*To do*:
Please state how many lines in the records below contain the word "with"; the number alone is the answer.

====== Supplied data ======

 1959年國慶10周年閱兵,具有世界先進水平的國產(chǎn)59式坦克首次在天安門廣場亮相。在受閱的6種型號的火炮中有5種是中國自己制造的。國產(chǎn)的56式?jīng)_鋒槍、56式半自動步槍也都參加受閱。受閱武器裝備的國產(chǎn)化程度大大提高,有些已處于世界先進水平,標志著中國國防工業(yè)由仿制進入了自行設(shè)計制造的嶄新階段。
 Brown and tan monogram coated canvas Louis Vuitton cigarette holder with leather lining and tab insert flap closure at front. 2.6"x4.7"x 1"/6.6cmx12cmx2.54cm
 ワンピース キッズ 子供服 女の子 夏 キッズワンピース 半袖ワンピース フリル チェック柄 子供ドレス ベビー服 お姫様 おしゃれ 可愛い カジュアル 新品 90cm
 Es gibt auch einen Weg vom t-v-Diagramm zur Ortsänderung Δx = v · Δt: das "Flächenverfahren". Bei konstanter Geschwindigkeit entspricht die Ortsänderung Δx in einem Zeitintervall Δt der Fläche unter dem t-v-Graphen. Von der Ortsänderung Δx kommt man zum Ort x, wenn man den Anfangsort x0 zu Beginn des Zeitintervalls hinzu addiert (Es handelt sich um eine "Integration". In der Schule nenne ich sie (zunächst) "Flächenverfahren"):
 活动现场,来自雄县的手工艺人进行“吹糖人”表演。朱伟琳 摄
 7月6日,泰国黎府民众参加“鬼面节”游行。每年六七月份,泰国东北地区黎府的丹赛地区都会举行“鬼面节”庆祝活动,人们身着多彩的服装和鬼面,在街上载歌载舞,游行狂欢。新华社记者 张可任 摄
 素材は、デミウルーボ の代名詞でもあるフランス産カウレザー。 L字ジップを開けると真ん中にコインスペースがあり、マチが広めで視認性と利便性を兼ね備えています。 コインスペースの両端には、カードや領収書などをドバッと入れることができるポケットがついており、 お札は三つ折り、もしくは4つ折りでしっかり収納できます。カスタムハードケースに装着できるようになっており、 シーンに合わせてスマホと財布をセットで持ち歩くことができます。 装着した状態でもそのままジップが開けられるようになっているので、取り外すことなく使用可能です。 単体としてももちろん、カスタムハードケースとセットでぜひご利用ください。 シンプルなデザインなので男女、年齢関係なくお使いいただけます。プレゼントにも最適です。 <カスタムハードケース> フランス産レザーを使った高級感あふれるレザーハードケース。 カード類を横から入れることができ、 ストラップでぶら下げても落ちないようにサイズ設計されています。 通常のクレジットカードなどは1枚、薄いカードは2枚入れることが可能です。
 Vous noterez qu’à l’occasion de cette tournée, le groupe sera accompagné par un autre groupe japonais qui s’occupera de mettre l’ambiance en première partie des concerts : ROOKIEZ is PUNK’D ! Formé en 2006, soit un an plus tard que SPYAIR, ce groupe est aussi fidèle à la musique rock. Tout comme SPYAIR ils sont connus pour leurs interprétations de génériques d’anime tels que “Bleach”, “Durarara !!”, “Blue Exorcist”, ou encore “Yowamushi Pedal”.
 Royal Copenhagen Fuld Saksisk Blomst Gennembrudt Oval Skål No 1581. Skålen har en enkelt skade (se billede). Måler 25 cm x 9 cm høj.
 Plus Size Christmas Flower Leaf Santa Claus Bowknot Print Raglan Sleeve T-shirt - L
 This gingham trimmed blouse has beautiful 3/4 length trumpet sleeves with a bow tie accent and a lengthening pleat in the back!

======

*Answer section*:
2